What is required: The records below hold a stretch from the line with "Fantazyjna biała firana" through the line with "Natural size.Model shows: Kidneys, ureters, adrenal"; return exactly those lines, ends included, and nothing more.

++++ Data to process ++++

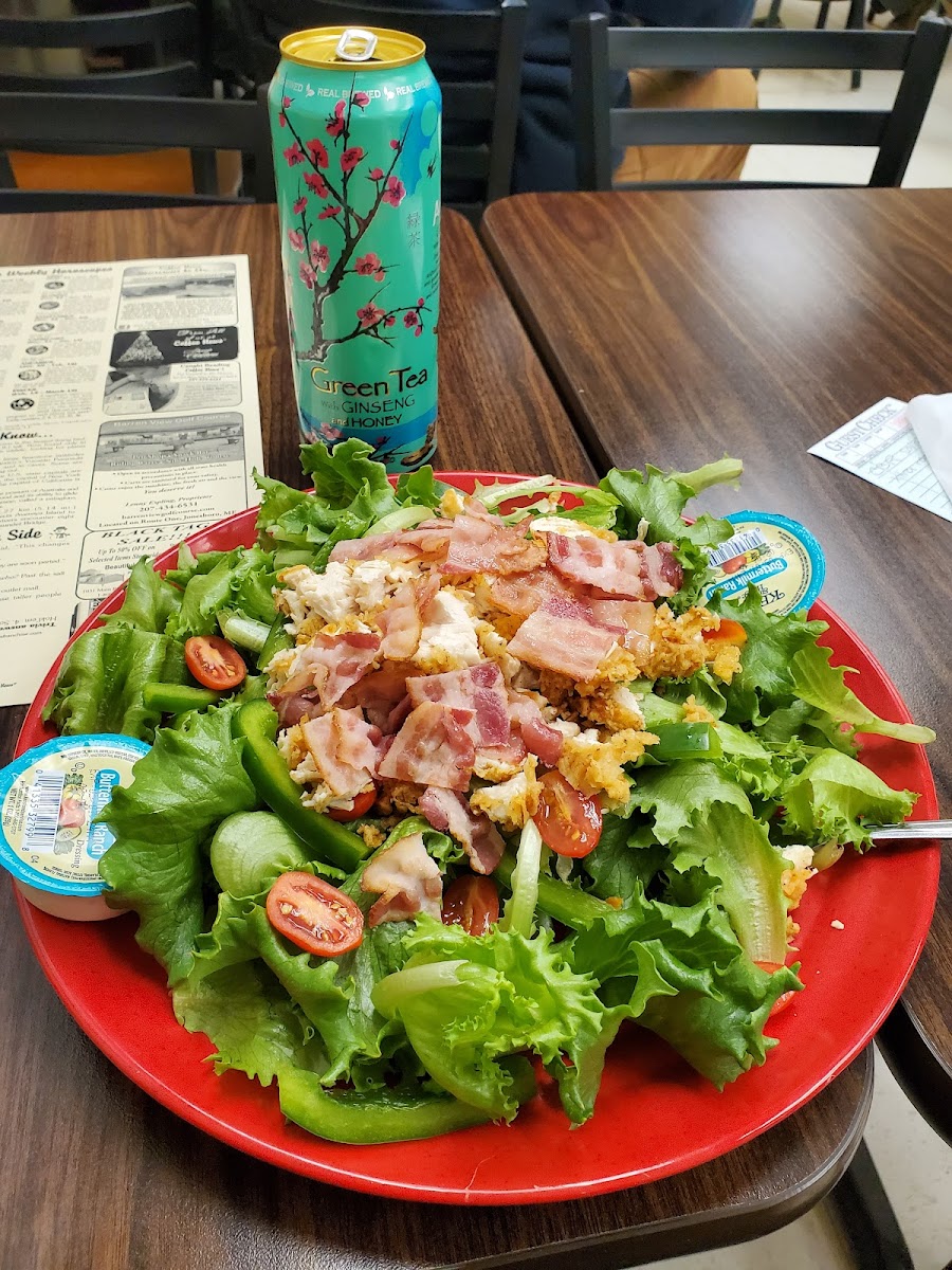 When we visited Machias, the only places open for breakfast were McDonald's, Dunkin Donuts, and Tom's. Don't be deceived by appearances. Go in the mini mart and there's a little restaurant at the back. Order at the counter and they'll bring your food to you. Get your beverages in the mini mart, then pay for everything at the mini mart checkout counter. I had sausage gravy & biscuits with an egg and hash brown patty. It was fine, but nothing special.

++++
++++ Data to process ++++

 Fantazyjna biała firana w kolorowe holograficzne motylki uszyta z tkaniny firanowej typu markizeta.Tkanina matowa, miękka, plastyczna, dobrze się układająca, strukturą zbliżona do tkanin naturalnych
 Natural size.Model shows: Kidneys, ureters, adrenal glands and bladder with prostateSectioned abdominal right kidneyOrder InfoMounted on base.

++++

Answer to the problem:
 Fantazyjna biała firana w kolorowe holograficzne motylki uszyta z tkaniny firanowej typu markizeta.Tkanina matowa, miękka, plastyczna, dobrze się układająca, strukturą zbliżona do tkanin naturalnych
 Natural size.Model shows: Kidneys, ureters, adrenal glands and bladder with prostateSectioned abdominal right kidneyOrder InfoMounted on base.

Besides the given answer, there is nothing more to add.